AWJ wrote:In an action game where cycles are precious, an advantage of a LFSR over a LCG is that all the bits in a LFSR are equally random. If you only ever need one or two bits at a time, you can get many random numbers out of each clocking of a LFSR.
...
clocked once per frame
While individual bits of an LFSR are equally random, they're not very independent of each other. If you sampled & 1 for one enemy and & 2 for another enemy, you may see correlated behaviours on successive frames as a "1" bit passes through one then the other. A lot of LFSR implementations are going to do the XOR only on one byte too, so the upper bytes become
very correlated.
Similarly, if you're doing & 3 (two bits) you should clock it
twice, or if & 7 (three bits) you should clock it
three times. Failing to do so leads to very strong *2, *4, etc. correlations on successive tests.

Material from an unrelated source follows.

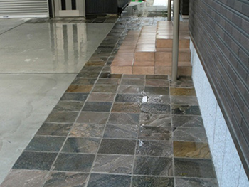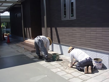 門から玄関までのアプローチには、職人が丁寧にタイルを敷き詰めていきます。

For complete entropy you should clock it as many times as you read bits, but its somewhat asymptotic, 2 clocks is a lot better than 1 clock, but 7 clocks isn't that much better than 6. You can save time by doing less, if the quality isn't critical. (Also, there's no reason to clock it more times than bits read. It's as random as it's going to get at that point.)

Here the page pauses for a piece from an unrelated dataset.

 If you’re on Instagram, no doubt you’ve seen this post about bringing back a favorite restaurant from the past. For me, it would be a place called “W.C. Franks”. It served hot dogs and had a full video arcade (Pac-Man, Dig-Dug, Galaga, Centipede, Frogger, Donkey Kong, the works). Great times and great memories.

Similarly, if you don't do PRNG tests every frame and try to vary their timing (and still clock it every frame), it breaks up a lot of the correlations that would otherwise appear. That can help too. If it's been 8 frames since you last did a PRNG test but you clocked it every frame, you've got a nice quality 8-bit number ready to use.
AWJ wrote:If two of the same enemy are in the same RNG-tapping state on the same frame then they'll always both choose the same behaviour
I've seen that in several games, and I've always thought of it as a serious flaw, not something people hardly notice.
I've often been annoyed at how unintentionally predictable RPG battles can become.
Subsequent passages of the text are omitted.